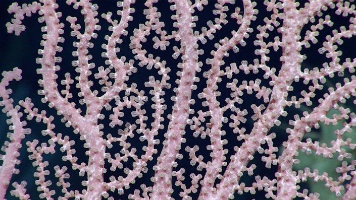 На глубине 2400 метров ученые обнаружили прекрасное существо - розовый коралл Hemicorallium с самой разветвленной структурой.
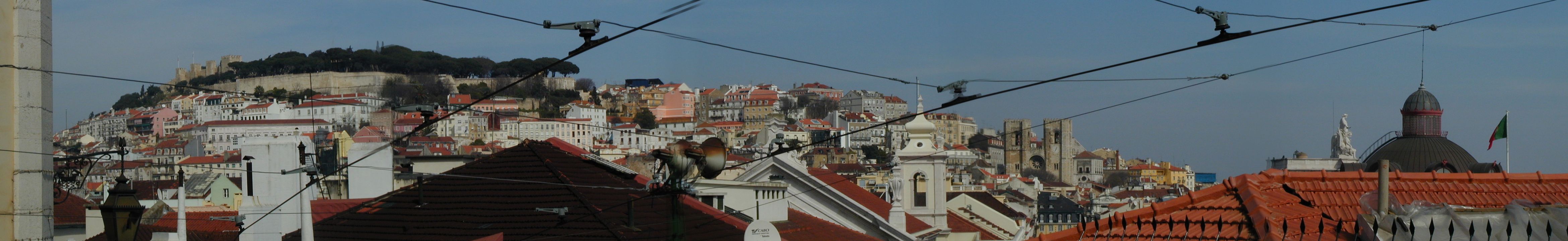 fotografia mostra, da esquerda para a direita, o Castelo de São Jorge,
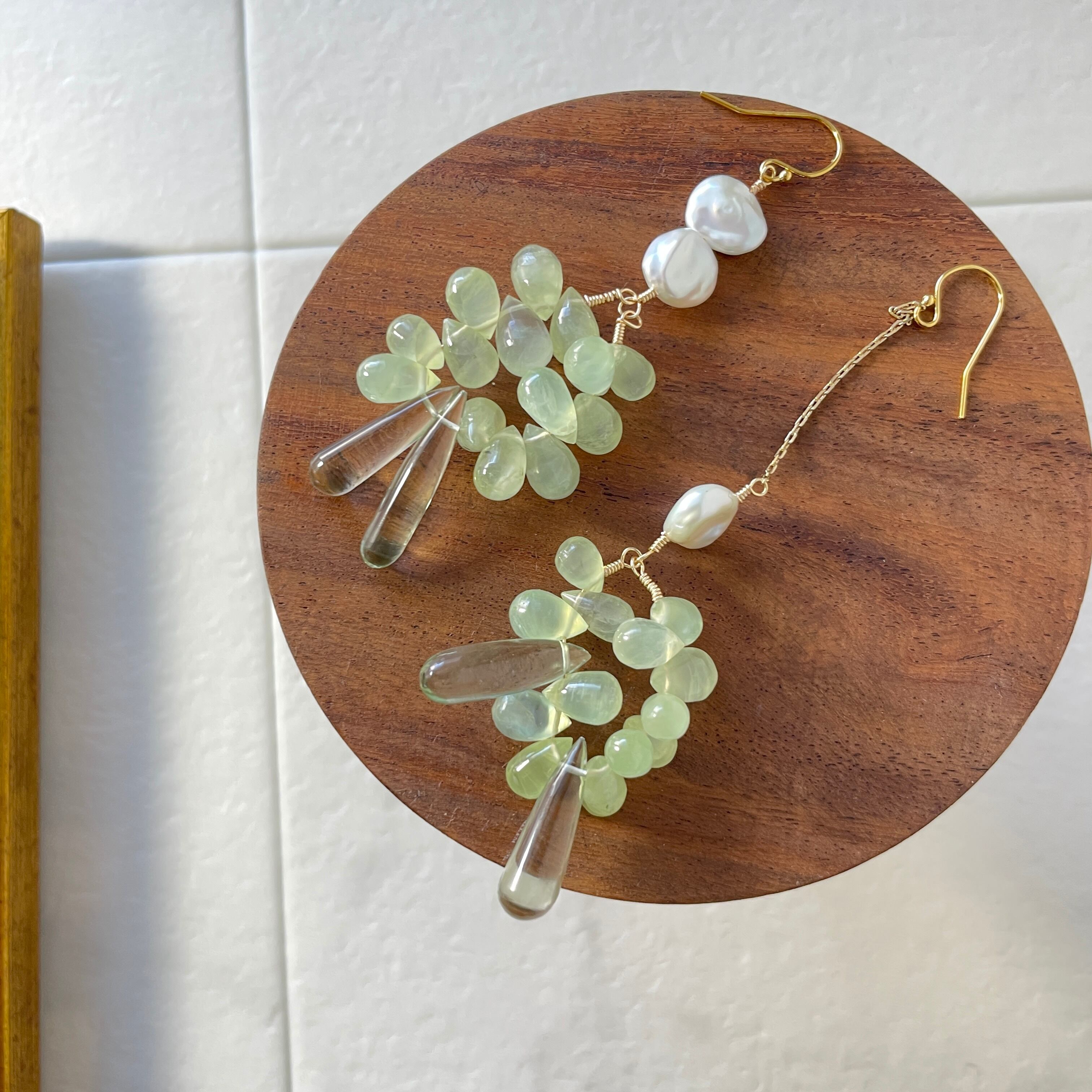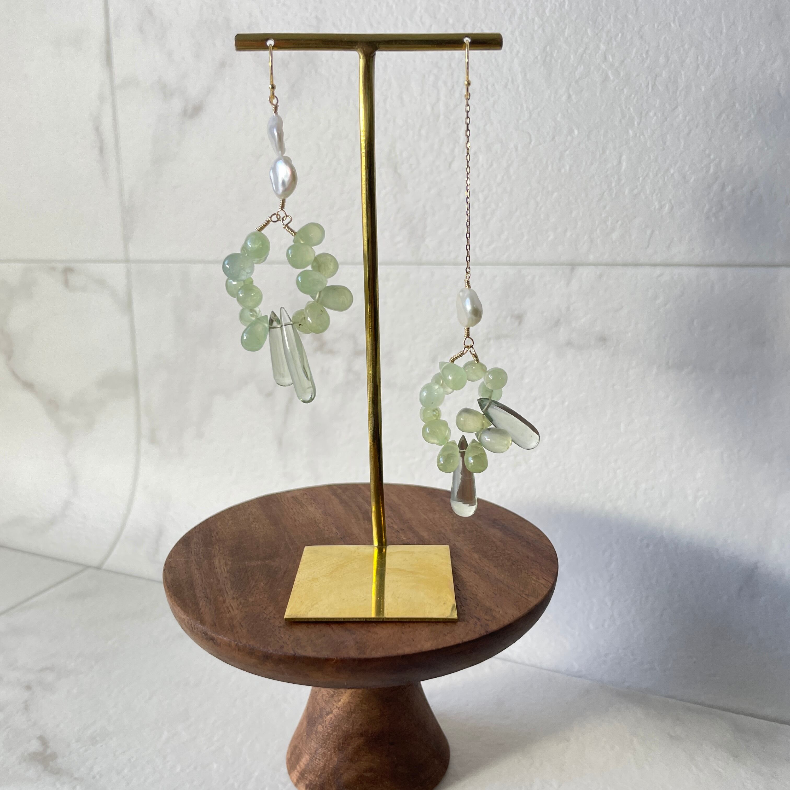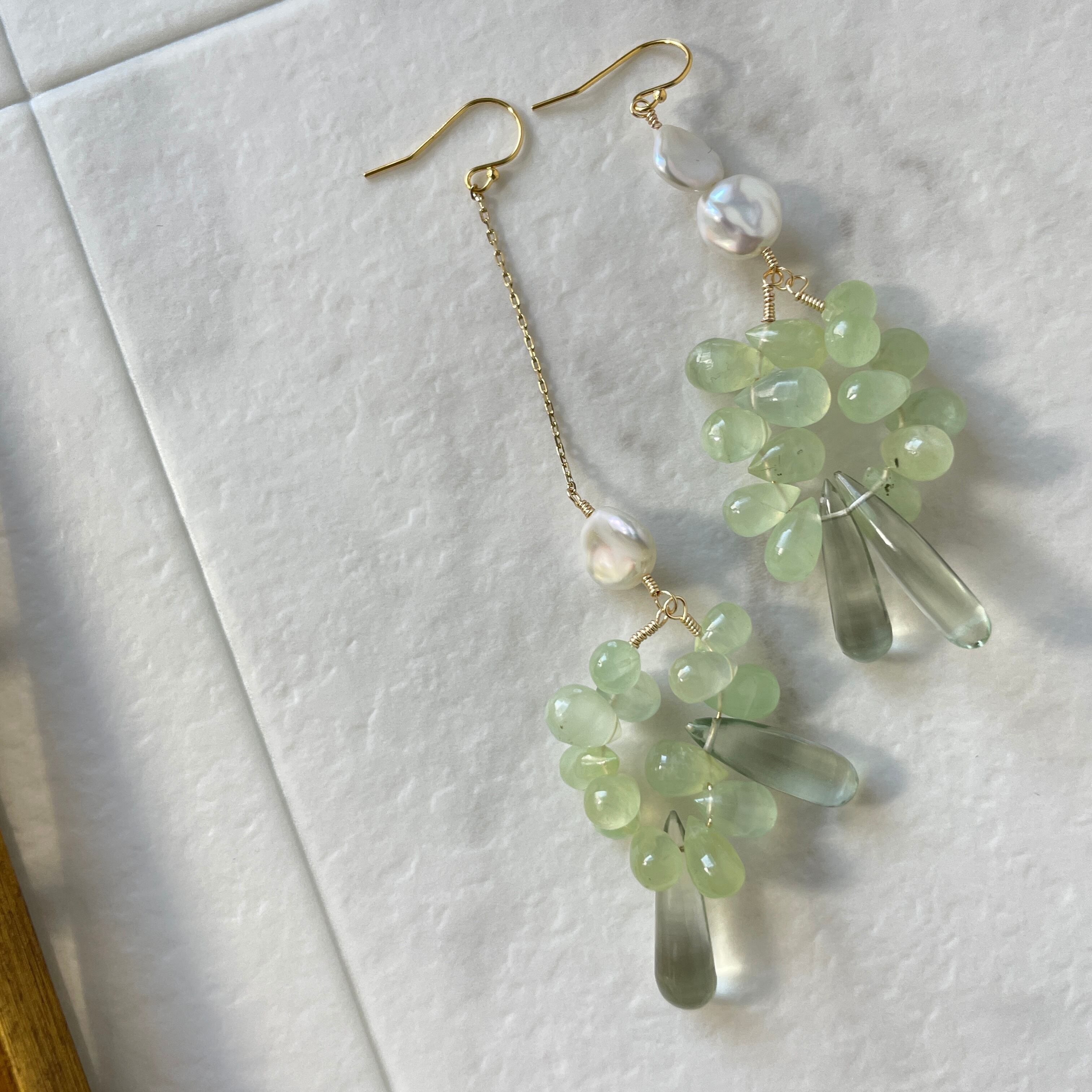 繊細なデザインが魅力のデザインピアス。このピアスは、プレナイトとグリーンクォーツの石を使用し、優しいカラーが特徴です。
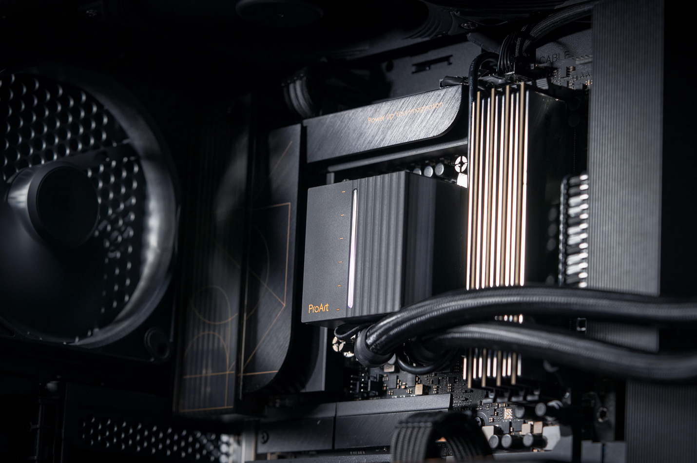 Experience exceptional cooling performance and quiet operation. Powered by a robust three-phase motor and Alphacool Apex Stealth Metal Power fans, the ProArt LC 240 expertly integrates premium tech into an elegantly understated design. An illuminated meter on the pump cover also provides live system stats in the signature minimalist ProArt manner for real-time information at a glance. And its subtle and graceful aesthetics add a touch of refinement to your setup. Cool, quiet and classy—the perfect trifecta for any and all content creators.

◆ **Activity**
Say again, word for word, every line from the one with "繊細なデザインが魅力のデザイ" through the last line of the data above, minus the pictures.

◆ **Result for this task**
 繊細なデザインが魅力のデザインピアス。このピアスは、プレナイトとグリーンクォーツの石を使用し、優しいカラーが特徴です。
 Experience exceptional cooling performance and quiet operation. Powered by a robust three-phase motor and Alphacool Apex Stealth Metal Power fans, the ProArt LC 240 expertly integrates premium tech into an elegantly understated design. An illuminated meter on the pump cover also provides live system stats in the signature minimalist ProArt manner for real-time information at a glance. And its subtle and graceful aesthetics add a touch of refinement to your setup. Cool, quiet and classy—the perfect trifecta for any and all content creators.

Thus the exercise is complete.